Biraz önce geçen yazdan kalan buzluktaki son barbunya paketini de güzel bir yemeğe dönüştürdüm. Neden? Çünkü tezgahlarda yavaş yavaş bu senenin mahsülleri var. Daha almadım ne de olsa imkan varken haftada bir iç baklalı enginar yapmak lazım.

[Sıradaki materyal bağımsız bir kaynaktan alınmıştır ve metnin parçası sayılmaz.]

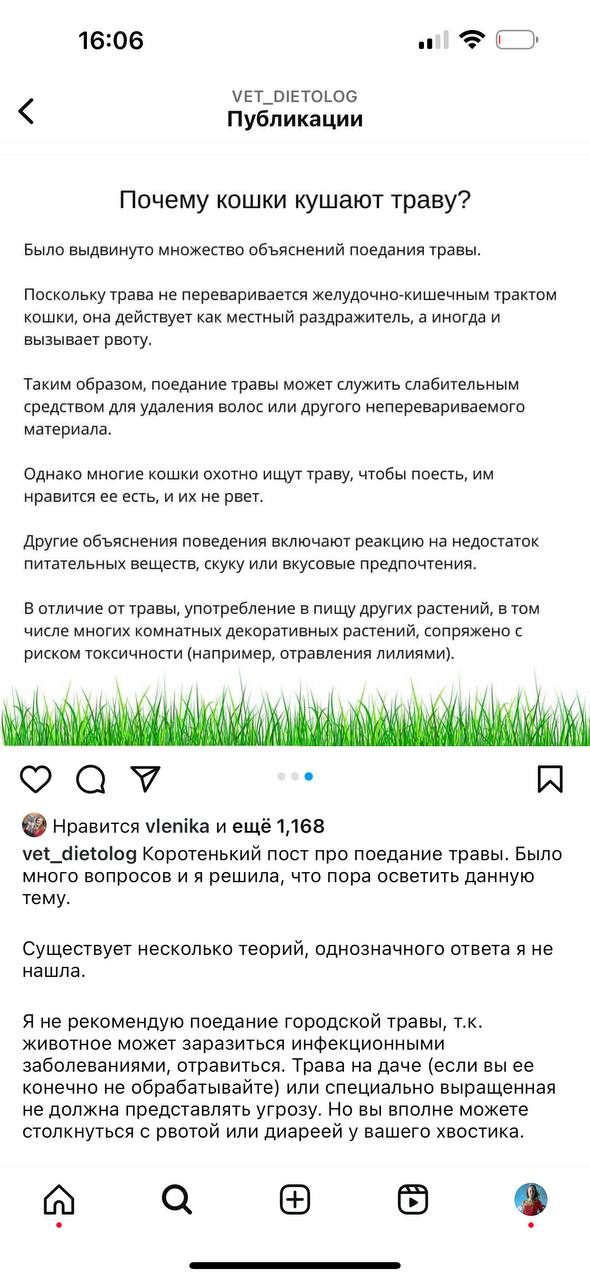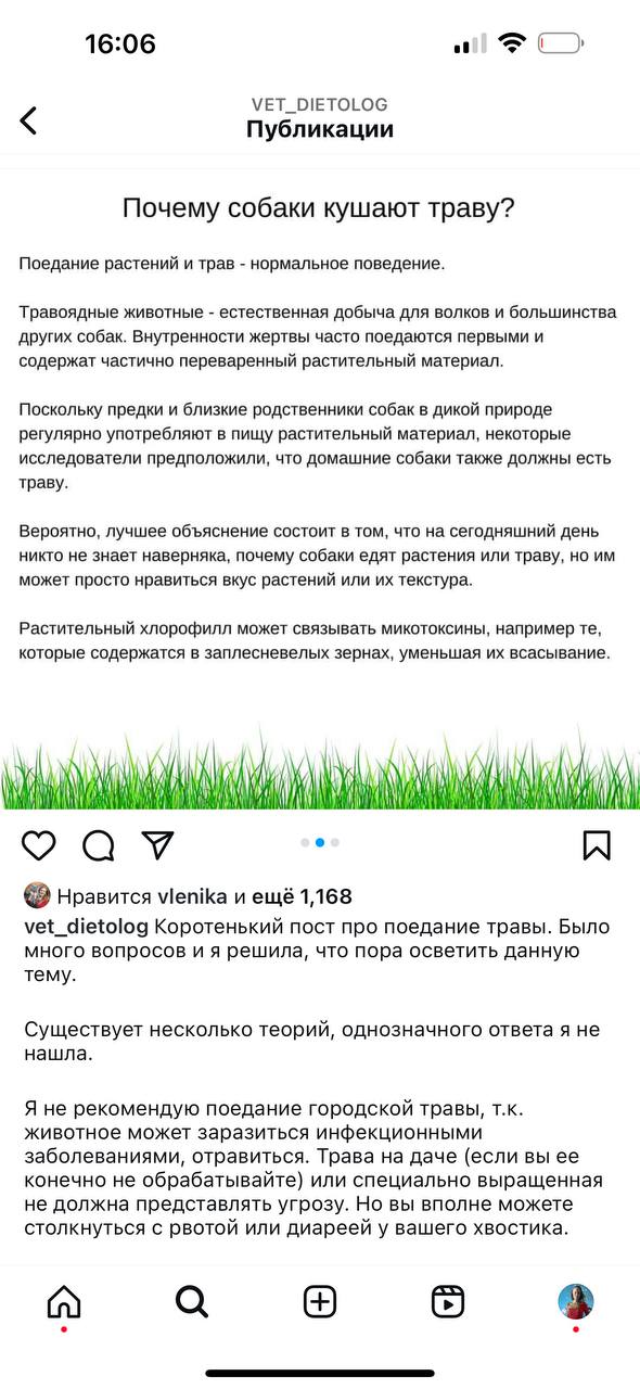 Да у меня и собаки травку иногда щиплют (когда она есть😆). В сезон травки часто вижу, что кого-то вырвало, а там травинки. Я так понимаю, что если дискомфорт в желудке, то они сами таким образом рвоту вызывают🤔
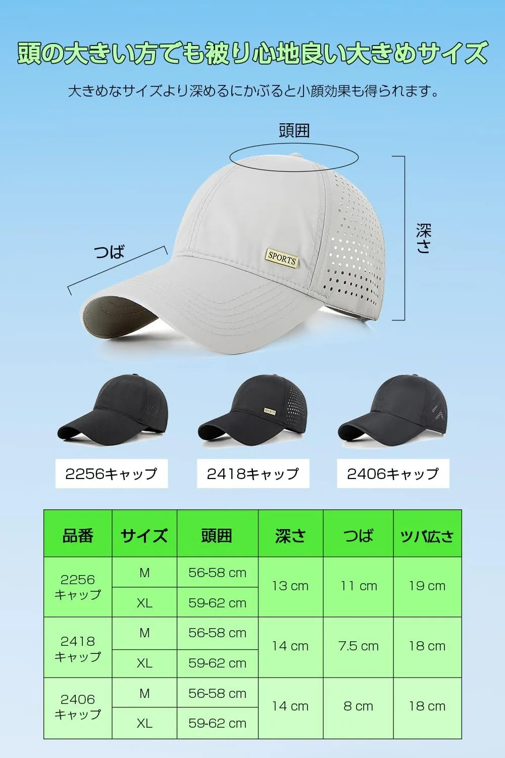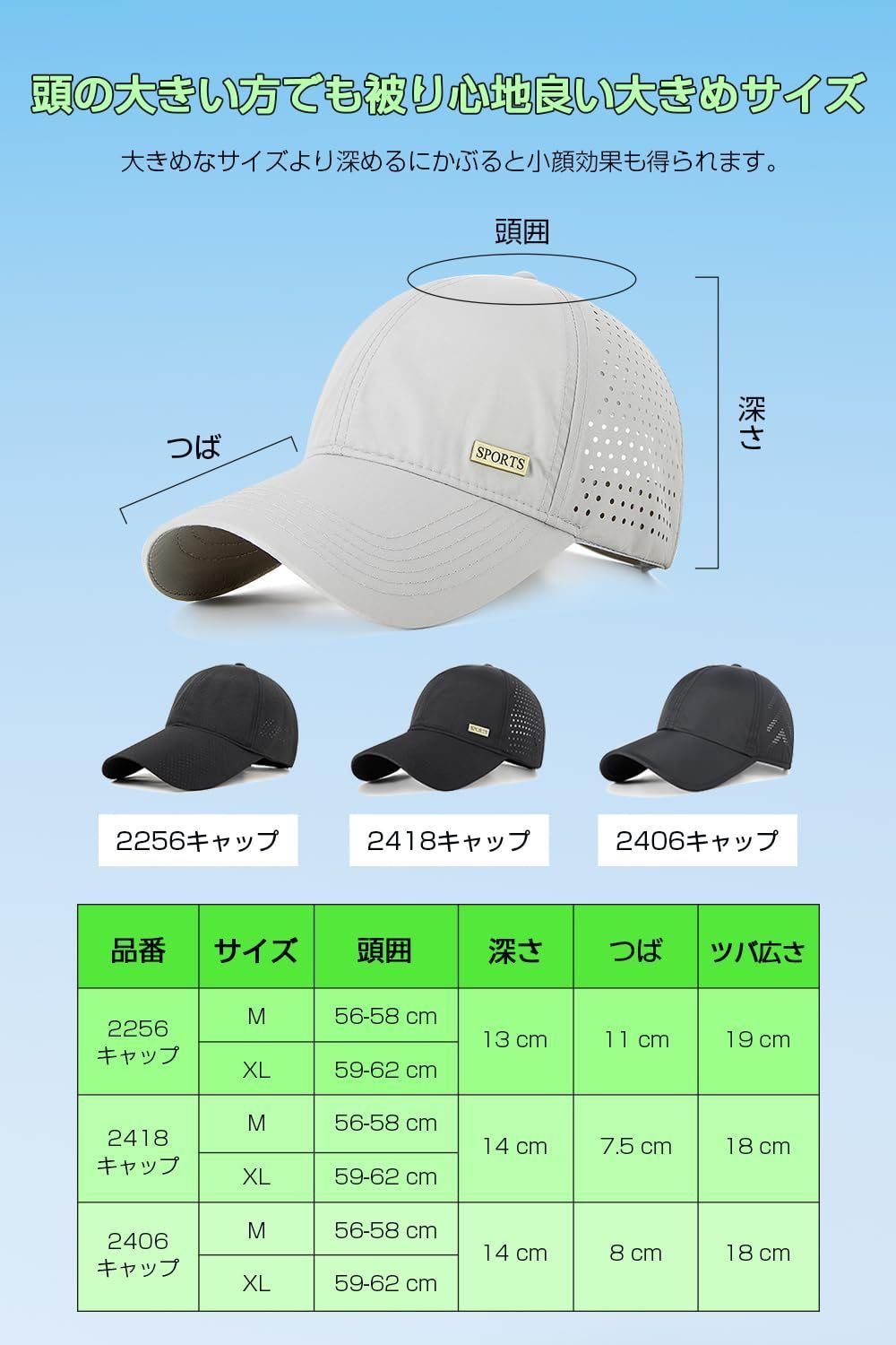 キャップ 帽子 メンズ 62cm大きいサイズ 夏【超軽量・深め・UVカット・通気性】 ランニング 男女兼用 レディース 無地 速乾性 メッシュキャップ シンプル ゴルフ スポーツ ランニング [Moxiep] 登山 ジョギング ウォーキング
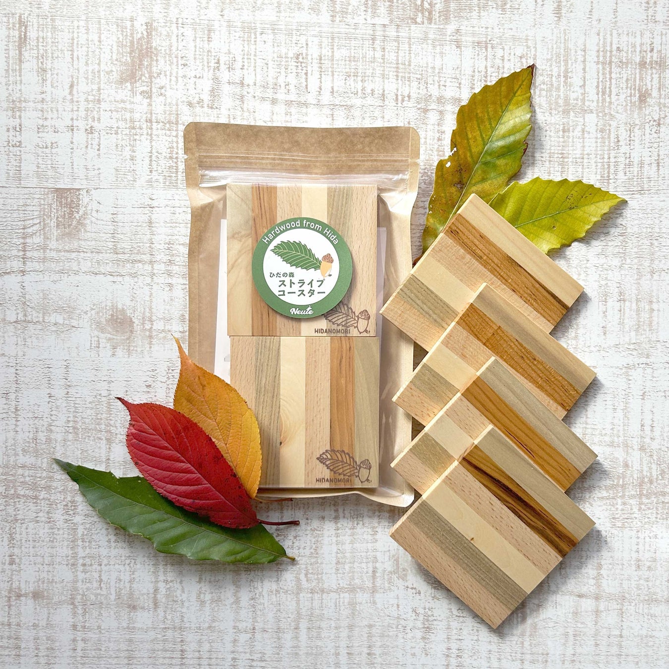 飛騨の森で採れた6種類の広葉樹をつなぎ合わせたストライプ柄コースター
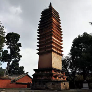 弘圣寺塔位于大理中和镇弘圣寺旧址,寺毁于明初。塔通高43.87米,16级方形密檐式空心砖塔,塔身下部为块石砌成。全塔分为基座、塔身、塔刹3部分,塔身各层之间用砖砌出叠涩檐,其上逐层收分。
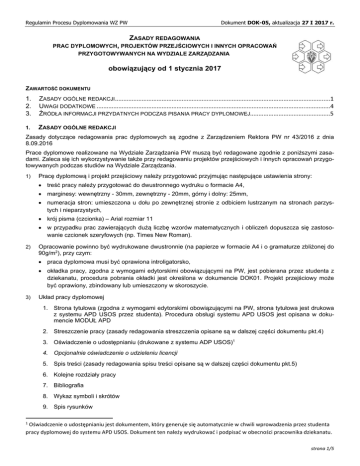 Regulamin Procesu Dyplomowania WZ PW Dokument DOK-05, aktualizacja 27 I 2017 r. ZASADY REDAGOWANIA PRAC DYPLOMOWYCH, PROJEKTÓW PRZEJŚCIOWYCH I INNYCH OPRACOWAŃ PRZYGOTOWYWANYCH NA WYDZIALE ZARZĄDZANIA obowiązujący od 1 stycznia 2017 ZAWARTOŚĆ DOKUMENTU 1. ZASADY OGÓLNE REDAKCJI ................................................................................................................................. 1 2. UWAGI DODATKOWE ............................................................................................................................................ 4 3. ŹRÓDŁA INFORMACJI PRZYDATNYCH PODCZAS PISANIA PRACY DYPLOMOWEJ ................................................ 5 1. ZASADY OGÓLNE REDAKCJI Zasady dotyczące redagowania prac dyplomowych są zgodne z Zarządzeniem Rektora PW nr 43/2016 z dnia 8.09.2016 Prace dyplomowe realizowane na Wydziale Zarządzania PW muszą być redagowane zgodnie z poniższymi zasadami. Zaleca się ich wykorzystywanie także przy redagowaniu projektów przejściowych i innych opracowań przygotowywanych podczas studiów na Wydziale Zarządzania. 1) Pracę dyplomową i projekt przejściowy należy przygotować przyjmując następujące ustawienia strony: treść pracy należy przygotować do dwustronnego wydruku o formacie A4, marginesy: wewnętrzny - 30mm, zewnętrzny - 20mm, górny i dolny: 25mm, numeracja stron: umieszczona u dołu po zewnętrznej stronie z odbiciem lustrzanym na stronach parzystych i nieparzystych, krój pisma (czcionka) – Arial rozmiar 11 w przypadku prac zawierających dużą liczbę wzorów matematycznych i obliczeń dopuszcza się zastosowanie czcionek szeryfowych (np. Times New Roman). 2) Opracowanie powinno być wydrukowane dwustronnie (na papierze w formacie A4 i o gramaturze zbliżonej do 90g/m2), przy czym: praca dyplomowa musi być oprawiona introligatorsko, okładka pracy, zgodna z wymogami edytorskimi obowiązującymi na PW, jest pobierana przez studenta z dziekanatu, procedura pobrania okładki jest określona w dokumencie DOK01. Projekt przejściowy może być oprawiony, zbindowany lub umieszczony w skoroszycie. 3) Układ pracy dyplomowej 1. Strona tytułowa (zgodna z wymogami edytorskimi obowiązującymi na PW, strona tytułowa jest drukowa z systemu APD USOS przez studenta). Procedura obsługi systemu APD USOS jest opisana w dokumencie MODUŁ APD 2. Streszczenie pracy (zasady redagowania streszczenia opisane są w dalszej części dokumentu pkt.4) 3. Oświadczenie o udostępnianiu (drukowane z systemu ADP USOS)1 4. Opcjonalnie oświadczenie o udzieleniu licencji 5. Spis treści (zasady redagowania spisu treści opisane są w dalszej części dokumentu pkt.5) 6. Kolejne rozdziały pracy 7. Bibliografia 8. Wykaz symboli i skrótów 9. Spis rysunków 1 Oświadczenie o udostępnianiu jest dokumentem, który generuje się automatycznie w chwili wprowadzenia przez studenta pracy dyplomowej do systemu APD USOS. Dokument ten należy wydrukować i podpisać w obecności pracownika dziekanatu. strona 1/5 Regulamin Procesu Dyplomowania WZ PW Dokument DOK-05, aktualizacja 27 I 2017 r. 10. Spis tabel 11. Spis załączników 12. Załączniki 4) Streszczenie pracy 1. Streszczenie pracy pisane jest czcionką Arial 12 z odstępem pojedynczym 2. Jeżeli praca dyplomowa jest napisana w języku polskim to: – streszczenie pracy w języku polskim, zawierające tytuł pracy, zestaw słów kluczowych (objętość 1 strona), – streszczenie pracy w języku angielskim, zawierające tytuł pracy, zestaw słów kluczowych (objętość 1 strona,), – streszczenie pracy w języku obcym, zawierające tytuł pracy, zestaw słów kluczowych – jeśli student występuje o wydanie odpisu dyplomu w tłumaczeniu na język inny niż angielski (objętość 1 strona,) – opcjonalnie. 3. Jeżeli praca dyplomowa jest napisana w języku angielskim to: - streszczenie pracy w języku angielskim, zawierające tytuł pracy, zestaw słów kluczowych (objętość 1 strona), - streszczenie pracy w języku polskim, zawierające tytuł pracy, zestaw słów kluczowych (objętość 1 strona), - streszczenie pracy w języku obcym, zawierające tytuł pracy, zestaw słów kluczowych – jeśli student występuje o wydanie odpisu dyplomu w tłumaczeniu na język inny niż angielski (objętość 1 strona) – opcjonalnie. 4. Jeżeli praca dyplomowa jest napisana w języku obcym innym niż język angielski to: 5) - streszczenie pracy w języku obcym, w którym napisana jest praca, zawierające tytuł pracy, zestaw słów kluczowych (objętość 1 strona), - streszczenie pracy w języku polskim, zawierające tytuł pracy, zestaw słów kluczowych (objętość 1 strona), - streszczenie pracy w języku angielskim, zawierające tytuł pracy, zestaw słów kluczowych (objętość 1 strona), - streszczenie pracy w języku obcym, zawierające tytuł pracy, zestaw słów kluczowych – jeśli student występuje o wydanie odpisu dyplomu w tłumaczeniu na język inny niż angielski (objętość 1 strona, odstęp pojedynczy, czcionka 12) – opcjonalnie. W spisie treści (generowanym automatyczne), przy numeracji rozdziałów i podrozdziałów, nie zaleca się stawiania kropek po ostatniej cyfrze. Przykład redakcji spisu treści: SPIS TREŚCI 1 TYTUŁ ROZDZIAŁU 1.................................................................................................................. 5 1.1 Tytuł podrozdziału 1.1 ................................................................................................ 10 1.2 Tytuł podrozdziału 1.2 ................................................................................................ 13 6) Redakcja rozdziałów i podrozdziałów: podział treści na rozdziały i podrozdziały musi być zgodny ze spisem treści, przy zachowaniu dwustopniowej hierarchii podziału (w uzasadnionych przypadkach, za zgodą promotora, można wprowadzić trzeci poziom numeracji), tytuły rozdziałów I poziomu należy zapisać: od nowej str
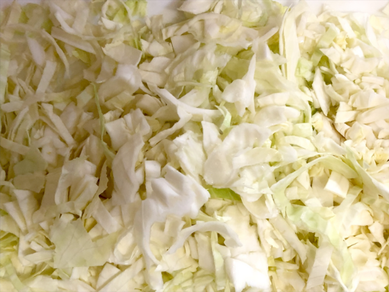 キャベツを千切りにする。
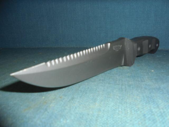 The knife has a 5" coated blade with a serrated spine and stamped BAUCHOP CUSTOM KNIVES RSA, and it is 10.5" overall
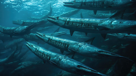 A school of barracudas swimming in formation, their sharp teeth and streamlined bodies ready for a hunt.
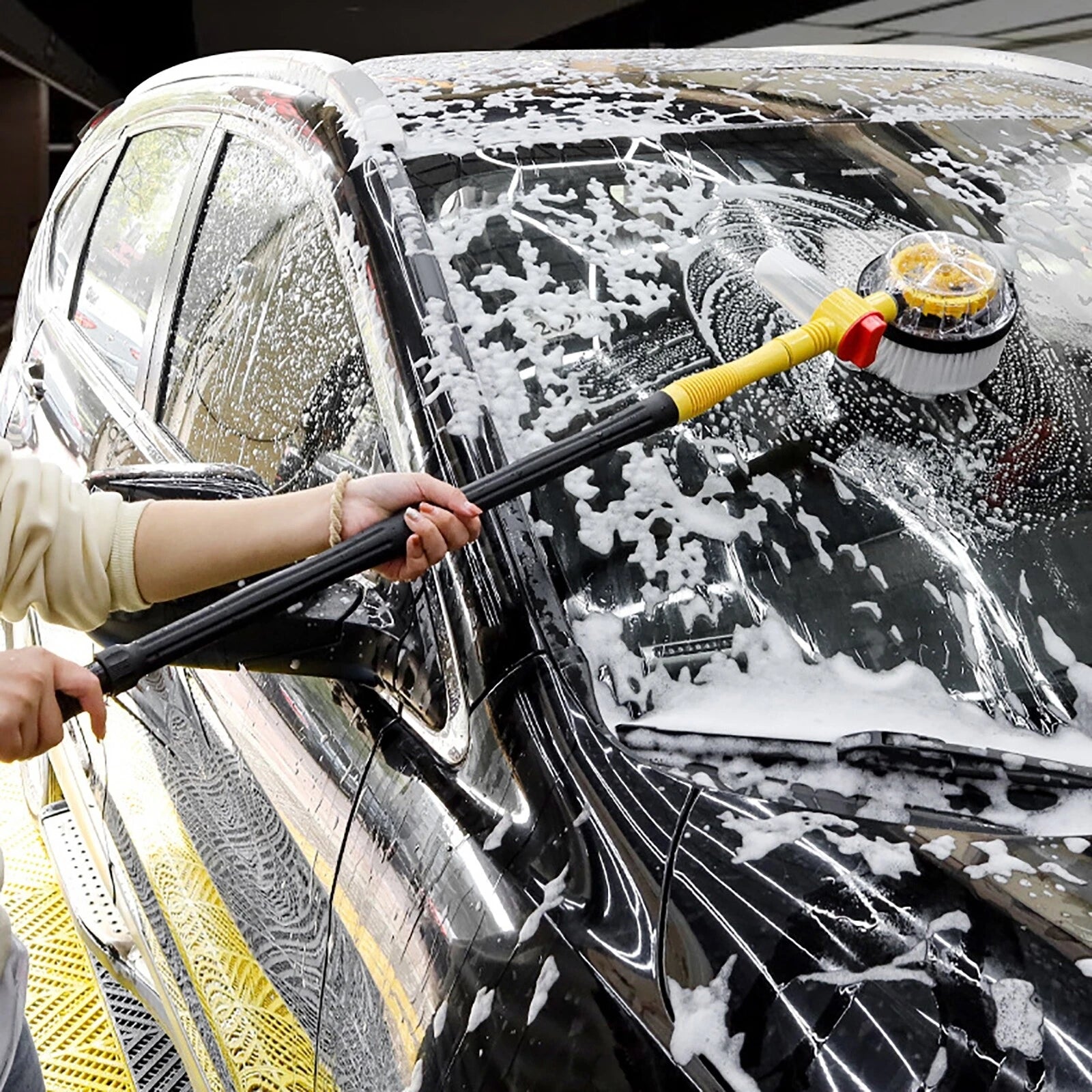 Simplify your car washing routine with this automatic rotary foam brush. Featuring a 360° rotating head powered by water pressure, soft chenille material, and an integrated foaming system, this multipurpose cleaning mop ensures a thorough and scratch-free clean for cars, windows, and more.
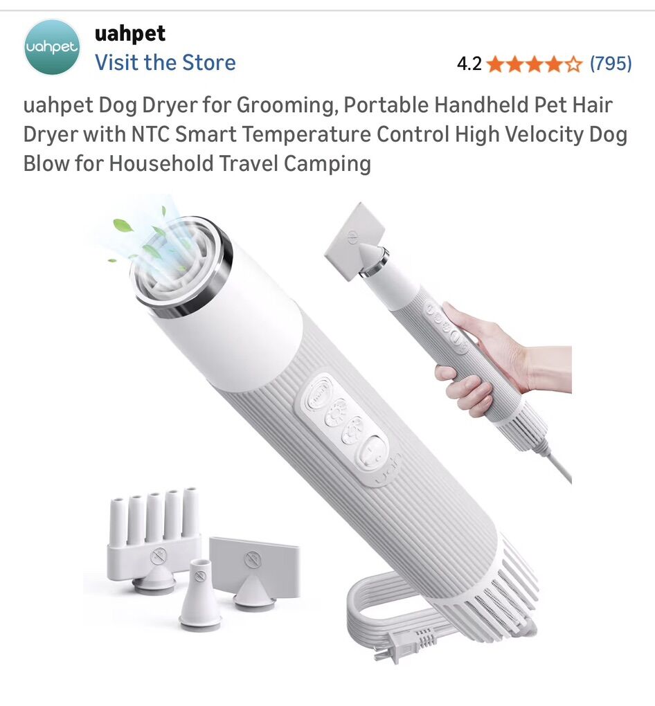 ZelleUltimate Pet Grooming Bundle: uahpet High-Velocity Dryer + 2-in-1 Brush Dryer Elevate your home grooming game with this high-performance pet drying duo! Both items have only been used a handful of times and are in excellent, like-new condition. Perfect for pet owners who want professional results without the salon price tag. What’s Included:\

Bu sene de baharın gelişini mimozalarla açtık. İleride denize inen bir sokağın tam dirsek yaptığı yerde kocaman mimozanın sarılara bürünüşünü izlemek için hep yolumuzu oradan geçirdik, hatta bir pazar Ada vapuruna bile atladık. Derken Bebek'teki meşhur yapraksız manolya açtı, altında seyre daldık dökülene dek. Bu arada mor salkımlar ilk hoş kokulular olarak yerini aldı, denk gelirsek leylaklara da baktık. Erikle aram olmadığından çiçeklenmesini pek de heyecanla karşılamadım. Esas artık baharın geldiğini müjdeleyen de erguvanlar oldu. Bu sene biraz erken olmakla beraber, akasyaların açışı ise yılın en merakla beklediğim zamanıydı eskiden kalan bir alışkanlıkla. Kestanelerle birlikte onlar da sokakları beyaza bürüyüp sırasını savdı. Apartmanın karşısındaki boş araziyi ise önce papatyalar şimdilerde ise gelincikler kapladı. Sokak boyunca duvarlardan fışkıran aslanağızları ise dökülmüş, gördüm bugün. İlerideki meydanda iki iğde ağacı var, maşallah insanı çıldırtıyorlar kokularıyla her gece. Bahçedeki ıhlamur patlamak üzere, ev sahibi hemen toplamazsa birkaç gece de o çıldırtır bizi kokusuyla. Bunun arkası artık sıcaklar, bir tek o devasa yapraklı manolyalar çiçek açar. Eylüle gelince Rum İlkokulu'nun bahçesindeki çınarların yaprakları sararırken karşı binanın bahçesindeki oya ağacının çiçeklenemsiyle resmen sonbahar kapıdadır artık. Sonrası kış sonrası soğuklar sonrası kısa geceler. Elbet yine mimozaların açışına geleceğiz ta ki bu kısır döngü bir yerde kırılana kadar.

Bilemiyoruz ki acaba bu yaz yediklerimiz son barbunyalarımız mı olacak?